In 2009 the first Golf Study Tour (The McKenzie Tour) was undertaken by the American Society of Golf Course Architects, the European Institute of Golf Course Architects and the Society of Australian Golf Course Architects. It was held in Australia, with 86 Golf Architects from around the world visiting Sydney and Melbourne. The Architects decided to continue the Study Tour each three years and in 2012 it was in USA then 2015 in the UK.
This year in November the Study Tour was again held in Adelaide over five days and incorporating visits to Kooyonga GC, Adelaide Oval, Grange GC, Seppeltsfield Winery (conference venue), Glenelg GC and Royal Adelaide GC where the final dinner was also held. The tour was named “Cargie Rymill’s Four Reds Tour” in honour of Herbert Rymill (nicknamed Cargie / the local Golf Architect who influenced much of the original design in Adelaide), the four Golf Courses all which are built on red sand areas with red sand bunkers and finally the Study Tour sponsor Toro (famous for its red machinery).

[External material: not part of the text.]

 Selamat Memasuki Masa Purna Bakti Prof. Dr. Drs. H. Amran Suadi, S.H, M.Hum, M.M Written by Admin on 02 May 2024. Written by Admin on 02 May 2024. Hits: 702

On the Tuesday of the Four Reds Tour a new innovation was introduced into the program, the World Sand Golf Design Competition which was held on the beach at Glenelg in front of the hotel. This new team event was sponsored by HydroPlan (irrigation engineering consultants http://hydroplan.com.au).
Each team (ASGCA, EIGCA & SAGCA) had six Golf Architects and were provided with some basic tools along with a rectangle area of sand 4m x 2m. Teams were only allowed to use materials sourced from the beach or sea, buckets provided brought water from the sea to the sites. The competition rules stated that it must be a golf theme, teams can develop the concept for their project prior to the event but cannot “overlay” any such designs onto the sand. Other Architects could provide advice and encouragement but could not actively take part in any construction or material gathering. A Toro Sand Pro prepared the sand and also cleaned up after.

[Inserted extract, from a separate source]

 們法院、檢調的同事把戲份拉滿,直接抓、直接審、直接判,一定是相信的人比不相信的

All three teams developed a single hole concept, both the SAGCA team and EIGCA with a Par 3 and the ASGCA team opting for a short Par 4. The SAGCA had a pre-prepared plan but other teams had only discussed their concepts.
As originator of the concept and referee it was interesting to watch the different styles of the competing teams and how they went about concept development and construction. SAGCA went with historical theme by recreating a famous Par 3 hole from the Royal Melbourne Golf Course, influenced by Dr Alister Mackenzie. ASGCA developed a short Par 4 with strategic options, rock wall and bunkers with timber facing. Team EIGCA developed a links Par 3 hole.
The two-hour challenge was hotly contested and finished with each team Captain explaining their design features to the enthusiastic spectators and three judges; John Gransbury (HydroPlan), Richard Walne (Toro) and Tony Webeck (Australian Golf Digest).
After due deliberation the judges awarded the American Society of Golf Course Architect team of Andy Staples, Mark Hollinger, Rick Phelps, Mike Benkusky, Brian Huntley and Cary Bickler winners of this inaugural event. Commemorative trophies and plaques were awarded, and then HydroPlan’s 11 local staff and helpers treated everyone to local food and wine overlooking the sea until sunset.
What came out of the competition…. well Golf Architects working together as a team in front of their peers generated some very special golf holes incorporating a lot of what was being discussed during the Study Tour, sustainability, environment, strategy and above all…. fun.
Discussions were held as to how this event could move away from the beach at future gatherings. Simple just pick a golf course with either one big bunker or three smaller bunkers near each other and allocate an area within of 4m x 2m, away we go again. Rules to be modified to allow water from Irrigation system and natural materials found on the golf course.